Os profissionais disseram ao DN Brasil que "não houve um momento de risco" para a democracia brasileira, mas sim "estresse democrático, situações limite, tensão e muito receio". Eles atribuem esta resistência aos mecanismos previstos - e ativados - na Constituição Brasileira, criada após o fim da ditadura. Para a dupla, o sistema político brasileiro que combina presidencialismo e multipartidarismo "gera muita capacidade de proteção contra saídas extremas diante dessas situações de limite". Ao mesmo tempo, avaliam que gera "dificuldade governativa para o governo de plantão".
É o caso não só do atual governo, em que o presidente Lula tem uma minoria de deputados e senadores, mas também no governo anterior, em que Jair Bolsonaro não tinha votos suficientes para aprovação de muitas medidas. "Bolsonaro foi domesticado pelo Congresso, foi o presidente dos últimos 30 anos que menos aprovou medidas, ele não tinha capacidade de implementar a sua agenda no Congresso", diz Carlos.
O papel do STF
Além da falta de apoio por maioria no Congresso, os escritores atribuem ao Supremo Tribunal Federal (STF) a resistência da democracia brasileira. "As barbaridades que Bolsonaro cometeu foram contidas pela Corte Brasileira, pelo Congresso", explica André.

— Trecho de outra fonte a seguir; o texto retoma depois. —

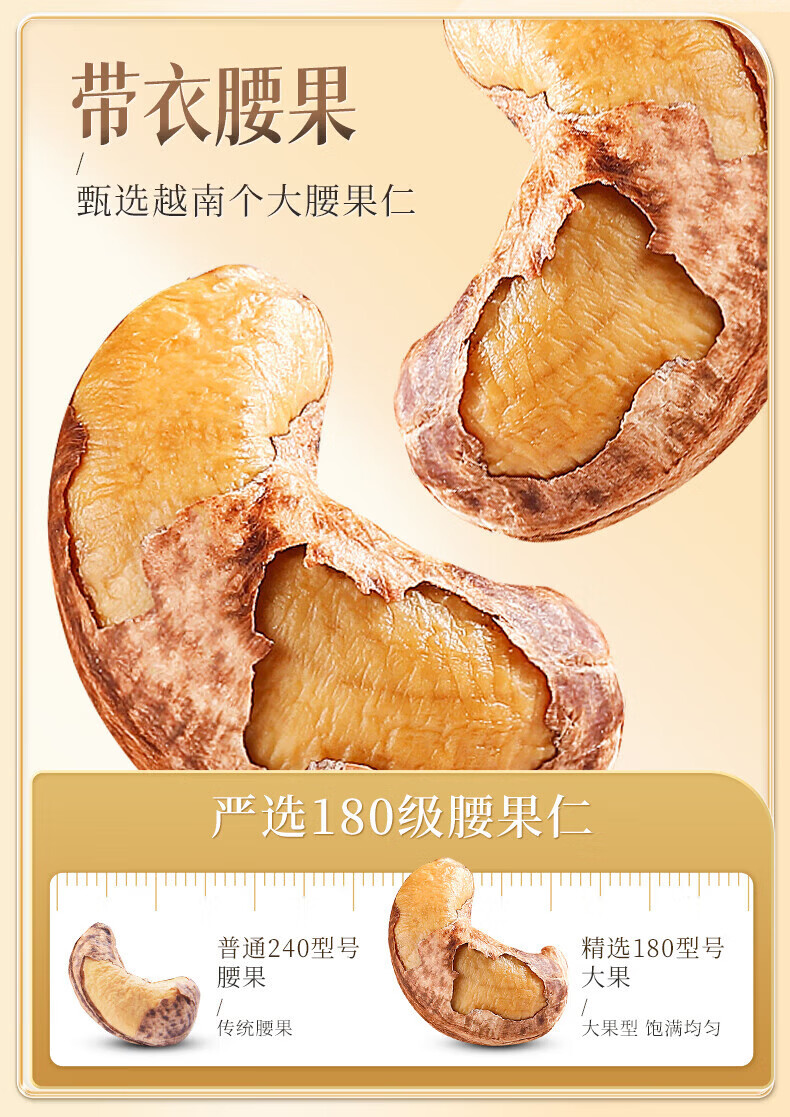 味滋源炭烧腰果仁干货坚果零食小吃特产炒货袋装年货每日坚果干果 500g/袋 1袋装

O ministro Gilmar Mendes, do STF, destaca que todas as ações realizadas estão presentes na Constituição. "A Constituição brasileira é muito completa, cada artigo tem uma série de outras normas, temos ferramentas", analisa o decano.
Na visão do jurista, com o Congresso o ex-presidente tentou diálogo e uniu-se ao "centrão" por uma questão de "sobrevivência". No entanto, a posição com o Judiciário "foi de ataque", especialmente a partir da pandemia de Covid-19. "Enquanto presidente negacionista, o STF foi procurado pelos estados e municípios para poder ter regras de isolamento social e vacinas", ressalta o ministro.
Sobre este período, Gilmar Mendes contou uma passagem curiosa que presenciou com o ex-presidente Bolsonaro. O ministro foi chamado para uma reunião na residência oficial em um sábado de manhã, às 8h e compareceu. "Ele pegava o celular, abria o whats e me mostrava vídeos, dizia 'olha só, tem esse cara aqui que vai ter que fechar a lotérica' e não pode", recorda.
"Quando os assessores saíram, ele ficou falando comigo sobre como estava difícil, sobre como era atacado, da família e tal, e, lá pelas tantas, se pôs a chorar", lembra Gilmar Mendes. "Aí eu disse, 'senhor presidente, a vida é difícil mesmo". De acordo com o ministro, o ex-presidente parecia "muito angustiado".
Tirando este e outros diálogos, principalmente com interlocutores como Paulo Guedes, o decano do STF relata que a relação que travava Bolsonaro com o Judiciário era de enfrentamento. "Tanto que as pessoas passaram a nos odiar. Nas manifestações diziam que o supremo era o povo", destaca Mendes.
Em outra passagem contada pelo ministro, um advogado de um réu dos presos no 8 de janeiro argumentou que os juízes eram não eram simpáticos. "Vocês são antipáticos, ninguém gosta de vocês", relembra, arrancando risos dos participantes do jantar-debate.
Além de Gilmar Mendes e dos autores do livro, o evento conto com a presença de acadêmicos, políticos e personalidades brasileiras e portuguesas. Esta foi a segunda edição do Brasil Global uma iniciativa do DN Brasil juntamente com o Cícero Bistrot, do Paulo Dalla Nora Macedo. No mês passado, o convidado foi o sociólogo Marco Rudiger, com o tema da inteligência artificial e combate às fake news.
Paulo é proprietário do restaurante, que se tornou um ponto de encontro de autoridades dos dois países para discutir temas da sociedade e política. Já passaram pelo Cícero Bistrot um incontável número de políticos, ministros, artistas e outras personalidades.